There! On top of a hill before me, a moose stood up slowly, powerfully. I froze, panicked. Crouching down in the muddy grass, I held my breath for what seemed like forever. It wasn’t long enough, though. I hid alone in the woods and two moose were now staring straight into me. They looked at me peculiarly as if to inquire, “Why is she hiding?” They stared at me just long enough, so I felt their power in the core of my being. To my left, the sun began to touch the horizon. With no time to waste, I began to brush slowly through the grass. The previously soft rustle seemed to deafen me now, broadcasting clearly my vulnerable position. The moose watched disinterestedly, already bored with my petty adventure. I felt their eyes tracking my movements. At long last, my feet hit the path and I paused, looking one last time above me to their high position on the grass praying they wouldn’t charge. “She doesn’t look that appetizing anyways,” they seemed to say. “Maybe we’ll let her go.” I seized my chance. Trying to give the appearance of nonchalance, while my heart quivered in fear, I headed for home. The pink ribbons danced in the wind by the no snowmobiling signs just before the last hill. The sun dropped at last stealthily behind the horizon, the fireball at rest. Just below me, familiar canvas tents welcomed me back to camp, safe and sound.

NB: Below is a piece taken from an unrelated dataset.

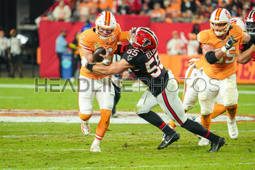 Tampa Bay, Florida, USA, December 11, 2025, Tampa Bay Buccaneers's Baker Mayfield #6 on the run at Raymond James Stadium. (Photo Credit: Marty Jean-Louis)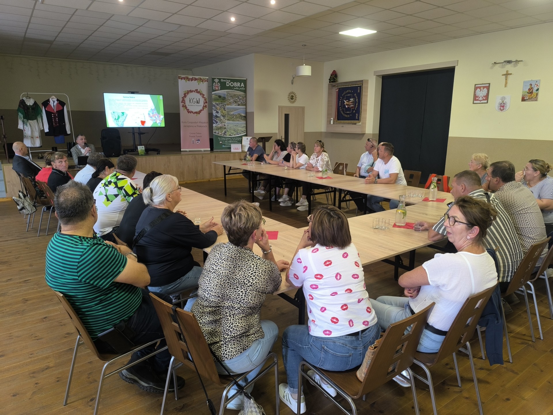 W dniu 19 września 2025 r. mieliśmy przyjemność gościć na terenie sołectwa Piekary uczestników wizyty studyjnej, której organizatorem był Urząd Marszałkowski Województwa Wielkopolskiego. W spotkaniu wzięli udział przedstawiciele Grup Odnowy Wsi z powiatu leszczyńskiego wraz z kierownikiem oddziału Odnowy Wsi w Departamencie Rolnictwa i Rozwoju Wsi UMWW panem Dominikiem Bekasiakiem. Gminę Dobra reprezentował Zastępca Burmistrza Dobrej Przemysław Tomczak, pracownicy Urzędu Miejskiego w Dobrej, przedstawicie grup odnowy wsi z terenu Gminy Dobra oraz przede wszystkim gospodarze wizyty, mieszkańcy sołectwa Piekary – członkowie Grupy Odnowy Wsi Sołectwa Piekary oraz członkinie KGW Jarzębina w Piekarach. Spotkanie zostało zorganizowane, aby omówić i zaprezentować projekty zrealizowane w ramach programu Wielkopolska Odnowa Wsi i miało na celu wymianę doświadczeń, prezentację dobrych praktyk czy poznanie specyfiki naszej działalności.

I climbed the mountain once more that final summer before college. In some way, it drew me into its web, compelling me to return. One day, I would like to climb to the top in the morning before the sun rises, then stay till it exhausts itself. To watch the glorious fireball rise up, then creep once more behind the horizon. To lose myself in the emptiness of the wide blue sky. To shout to the wind and hear the trees answer back. To live for just one day on top of the world.